I'd never seen Eyes Wide Shut, I'd only seen snippets of it on Sky last year at most. I just never got around to it I guess, so here we are almost 10 years after it came out (and indeed almost 10 years since Kubrick's far-too-early death), and I finally checked it out thanks to this superb 10-disc box set.

I hadn't watched a Kubrick film all the way through in a fair while (there's just so many movies out there to see), but I'd been very strongly into Kubrick in my GCSE and A-Level years, and then I got distracted by many other films throughout my time at university - although I still found time to fit in a comparison between Saving Private Ryan and Full Metal Jacket - in terms of how each film showed us war. The former shows us warfare from a soldier's eye view, meanwhile the latter shows us warfare from a filmmaker's eye view.

But anyway, the point being, I realised it had been quite some time since I really indulged in some Kubrick - and with this box set, I finally got to see Eyes Wide Shut - which alerted me to the fact that I'd forgotten how sumptuous filmmaking could be. The meticulous attention to detail, the measured feel throughout, the slow but steady pacing and that deeper-something, which only comes out after a myriad of takes.

The lighting in itself was superb, but then the whole film was pretty damn great too. It's an intriguing film, and I just get the feeling that perhaps it needed a few years to mature to really show what it's made of. If memory serves it had a mixed reception, or was considered "unfinished" (even though this was not the case in actuality).

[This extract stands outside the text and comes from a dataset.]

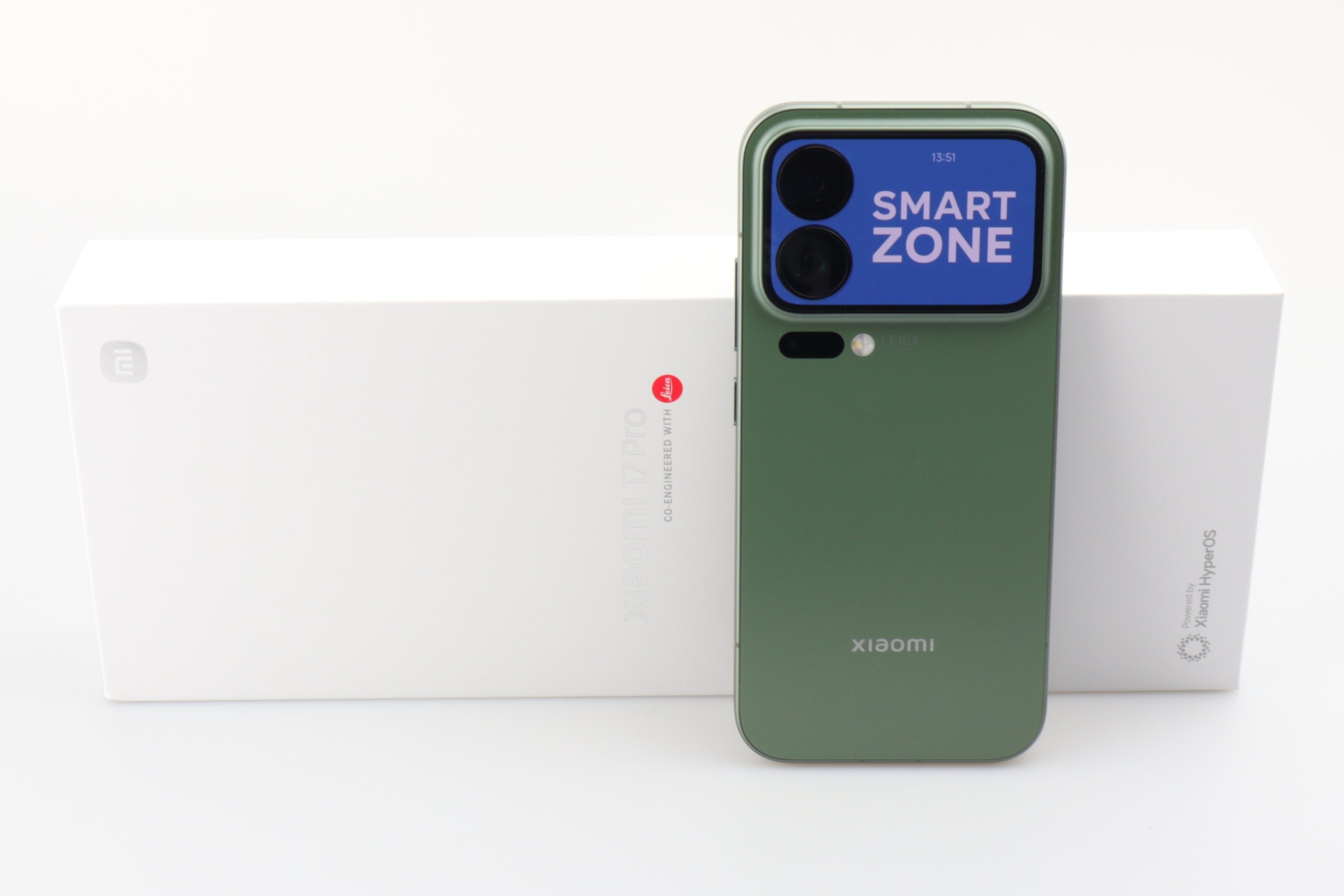 Die Entscheidung, die Kameraeinheit mit Zweitdisplay zu vergrößern und das Xiaomi 16 zu überspringen, ist mutig. Trotzdem werdet ihr das Xiaomi 17 Pro vermutlich nicht mit einem iPhone 17 Pro verwechseln. Zum Glück verzichtet Xiaomi auf komische Designelemente wie ein Kontrast-Glaspanel hinten. Lediglich ein silberner „Xiaomi“- und „Leica“-Schriftzug finden sich hier. Das Xiaomi 17 Pro sieht klasse aus und fühlt sich wie ein High-End-Gerät an. Es ist in den Farben Schwarz, Weiß, Lila und Grün verfügbar – allesamt in matten Farben mit Glasrückseite.

So indeed - it has stuck with me since seeing it.

It really is a great thing, this box set business, you can really indulge in whatever it is you have chosen - in this case the later works of Kubrick with lashings of the old ... extra features. It's great to rediscover these films all over again - and indeed 2001, which I'd only seen once before many years ago, has been particularly lodged in my brain since I watched it on this DVD set.

Last night I re-watched A Clockwork Orange, for the first time in a good few years, indeed it was the film of my final year in GCSE - it even became the focus of my final piece for my 2-D Art course (I still have the painting itself, in all its youthful obsession, covered up in the garage). It really took me back to that time - the film itself had only just been re-released in the UK, following Kubrick's death, and I subsequently dived into the world of the film - I saw the film, listened to the soundtrack, and read the book. I will point out that the obsession wasn't with the violence on show - indeed the violence is only a small part of the film (a bigger part in the book) - I guess it was really just the film that captured my imagination at that time when I was 15/16 years old.

Next up - re-watching The Shining for the first time in, yep, a good few years. Then obviously, Full Metal Jacket (which seems to have an interesting line-up for the commentary).

Alright, I've rambled on long enough - this has really become a post that's like a sandwich - Role Models is a sliver of meat wedged between two chunks of really thick-cut Kubrick bread, hehe.